- **To do**
Skip the pictures. Set down, word for word, the lines from the start of the material up to and including the line with "要真正的实现SOA,市场上必".

- **Dataset records**
☆ ☆ ☆
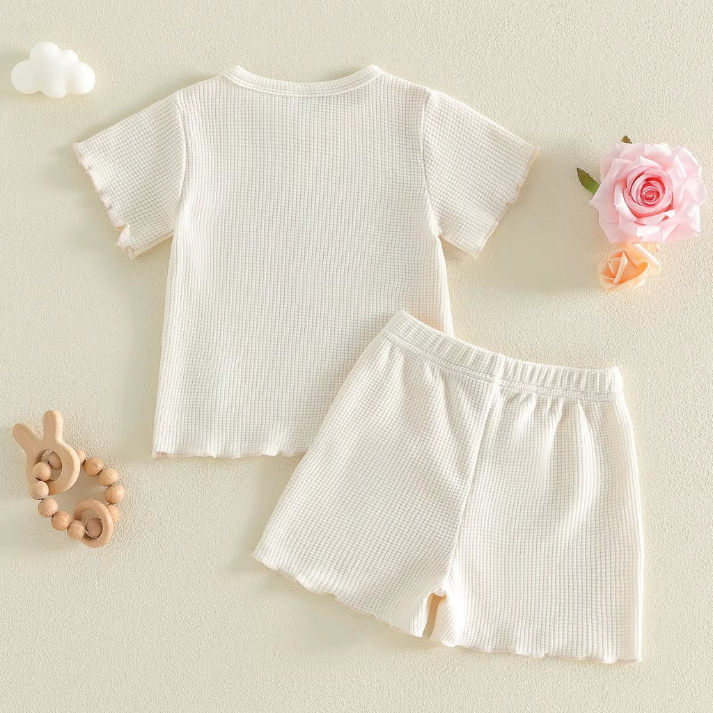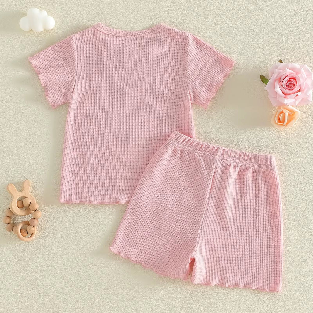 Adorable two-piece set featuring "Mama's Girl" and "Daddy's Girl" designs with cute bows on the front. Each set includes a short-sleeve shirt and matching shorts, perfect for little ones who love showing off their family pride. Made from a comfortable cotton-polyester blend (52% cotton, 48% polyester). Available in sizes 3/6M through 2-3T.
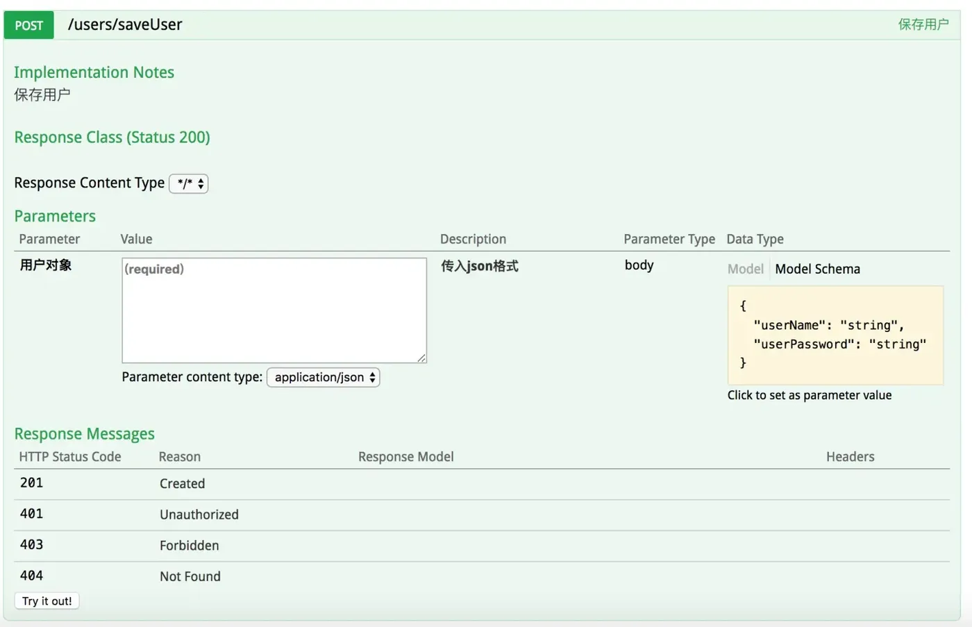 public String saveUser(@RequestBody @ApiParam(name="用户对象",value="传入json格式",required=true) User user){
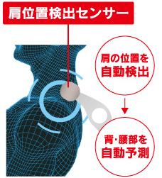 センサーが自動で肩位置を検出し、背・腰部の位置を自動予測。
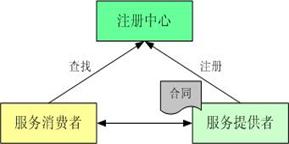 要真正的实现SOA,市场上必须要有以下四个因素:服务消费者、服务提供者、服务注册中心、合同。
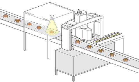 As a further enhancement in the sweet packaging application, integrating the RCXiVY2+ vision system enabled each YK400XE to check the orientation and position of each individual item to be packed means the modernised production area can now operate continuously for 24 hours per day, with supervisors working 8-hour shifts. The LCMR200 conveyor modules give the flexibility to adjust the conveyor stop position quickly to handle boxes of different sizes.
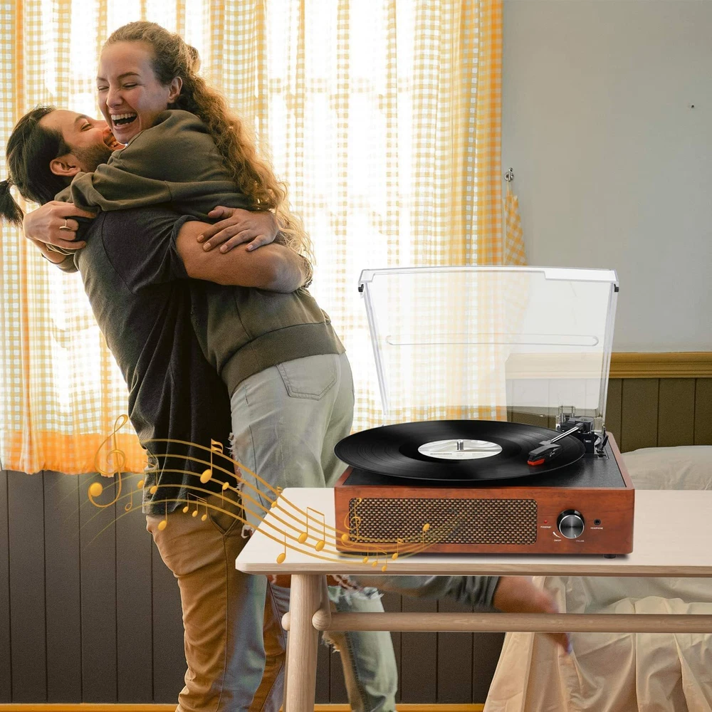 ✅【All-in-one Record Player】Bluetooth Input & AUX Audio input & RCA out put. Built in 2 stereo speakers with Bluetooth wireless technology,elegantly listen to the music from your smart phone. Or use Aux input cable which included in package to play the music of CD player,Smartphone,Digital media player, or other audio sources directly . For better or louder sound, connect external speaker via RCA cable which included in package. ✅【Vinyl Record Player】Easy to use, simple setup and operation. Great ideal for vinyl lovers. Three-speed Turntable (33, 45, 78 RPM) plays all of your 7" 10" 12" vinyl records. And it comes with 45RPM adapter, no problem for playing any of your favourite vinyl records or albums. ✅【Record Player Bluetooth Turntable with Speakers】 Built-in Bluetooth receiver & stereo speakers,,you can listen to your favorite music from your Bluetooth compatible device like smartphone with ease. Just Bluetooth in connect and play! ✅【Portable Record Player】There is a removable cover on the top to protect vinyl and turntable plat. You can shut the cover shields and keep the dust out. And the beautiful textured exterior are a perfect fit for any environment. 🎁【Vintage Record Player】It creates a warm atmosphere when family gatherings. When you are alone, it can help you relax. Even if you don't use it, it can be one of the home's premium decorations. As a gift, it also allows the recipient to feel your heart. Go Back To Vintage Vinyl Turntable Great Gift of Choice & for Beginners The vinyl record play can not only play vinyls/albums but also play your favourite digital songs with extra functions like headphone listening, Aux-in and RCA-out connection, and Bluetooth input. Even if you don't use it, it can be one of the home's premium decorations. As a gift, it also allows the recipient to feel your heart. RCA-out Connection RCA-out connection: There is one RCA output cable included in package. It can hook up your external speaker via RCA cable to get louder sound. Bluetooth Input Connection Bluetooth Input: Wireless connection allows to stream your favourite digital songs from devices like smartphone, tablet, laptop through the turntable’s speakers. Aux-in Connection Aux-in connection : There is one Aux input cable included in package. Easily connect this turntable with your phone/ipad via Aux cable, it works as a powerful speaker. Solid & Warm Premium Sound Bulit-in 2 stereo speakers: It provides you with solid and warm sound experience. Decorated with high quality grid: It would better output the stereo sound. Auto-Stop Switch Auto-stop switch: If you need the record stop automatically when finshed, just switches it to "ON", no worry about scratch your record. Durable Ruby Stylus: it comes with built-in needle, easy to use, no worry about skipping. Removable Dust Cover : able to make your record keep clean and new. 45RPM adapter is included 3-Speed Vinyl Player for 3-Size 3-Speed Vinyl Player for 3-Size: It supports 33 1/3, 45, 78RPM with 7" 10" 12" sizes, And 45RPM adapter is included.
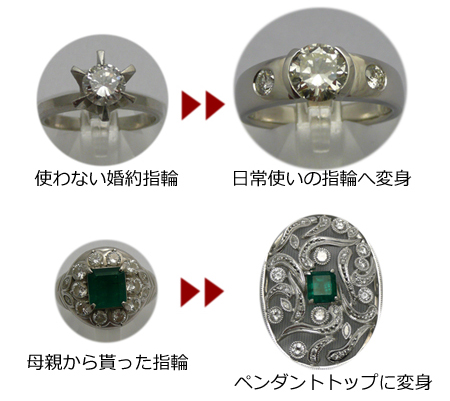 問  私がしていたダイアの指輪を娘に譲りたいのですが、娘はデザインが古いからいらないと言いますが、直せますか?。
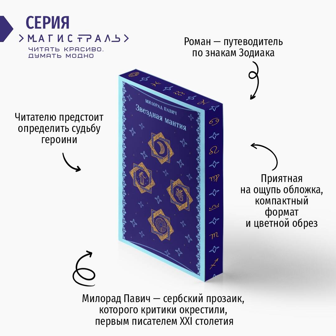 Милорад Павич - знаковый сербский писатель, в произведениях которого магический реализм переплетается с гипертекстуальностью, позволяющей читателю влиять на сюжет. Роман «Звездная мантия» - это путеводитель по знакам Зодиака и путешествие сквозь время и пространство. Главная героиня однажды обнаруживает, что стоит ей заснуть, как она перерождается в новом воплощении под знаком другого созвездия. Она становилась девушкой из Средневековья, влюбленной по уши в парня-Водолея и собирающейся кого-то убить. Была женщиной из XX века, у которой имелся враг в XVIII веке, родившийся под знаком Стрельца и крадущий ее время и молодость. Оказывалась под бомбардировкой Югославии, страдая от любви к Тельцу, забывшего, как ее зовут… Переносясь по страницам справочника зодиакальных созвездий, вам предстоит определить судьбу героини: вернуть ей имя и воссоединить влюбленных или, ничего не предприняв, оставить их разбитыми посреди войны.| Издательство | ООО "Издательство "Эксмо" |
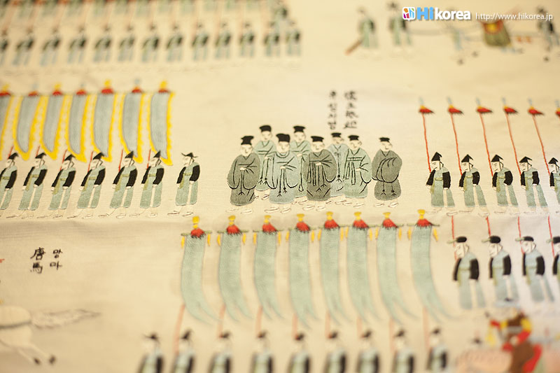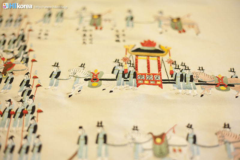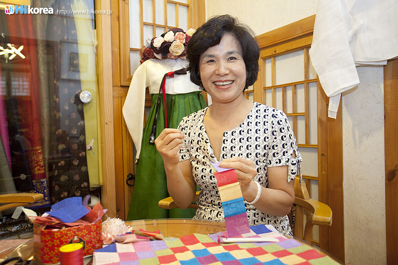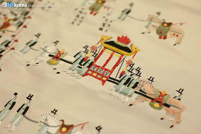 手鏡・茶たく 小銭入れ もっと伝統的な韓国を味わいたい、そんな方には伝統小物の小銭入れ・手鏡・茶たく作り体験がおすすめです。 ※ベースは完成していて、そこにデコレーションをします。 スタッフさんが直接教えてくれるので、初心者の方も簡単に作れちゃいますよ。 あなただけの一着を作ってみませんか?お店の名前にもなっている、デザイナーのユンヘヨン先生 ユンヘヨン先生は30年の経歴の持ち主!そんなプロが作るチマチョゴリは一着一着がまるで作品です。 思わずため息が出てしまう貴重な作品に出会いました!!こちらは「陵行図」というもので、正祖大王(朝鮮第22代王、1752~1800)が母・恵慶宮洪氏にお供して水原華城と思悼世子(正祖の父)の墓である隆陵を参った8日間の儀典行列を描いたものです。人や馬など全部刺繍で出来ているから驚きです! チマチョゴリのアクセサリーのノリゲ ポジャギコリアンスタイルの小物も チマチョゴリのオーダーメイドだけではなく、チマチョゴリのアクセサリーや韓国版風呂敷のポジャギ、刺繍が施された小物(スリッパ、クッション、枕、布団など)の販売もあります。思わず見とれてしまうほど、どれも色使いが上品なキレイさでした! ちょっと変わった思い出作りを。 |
☆ ☆ ☆
- **Answer**
 Adorable two-piece set featuring "Mama's Girl" and "Daddy's Girl" designs with cute bows on the front. Each set includes a short-sleeve shirt and matching shorts, perfect for little ones who love showing off their family pride. Made from a comfortable cotton-polyester blend (52% cotton, 48% polyester). Available in sizes 3/6M through 2-3T.
 public String saveUser(@RequestBody @ApiParam(name="用户对象",value="传入json格式",required=true) User user){
 センサーが自動で肩位置を検出し、背・腰部の位置を自動予測。
 要真正的实现SOA,市场上必须要有以下四个因素:服务消费者、服务提供者、服务注册中心、合同。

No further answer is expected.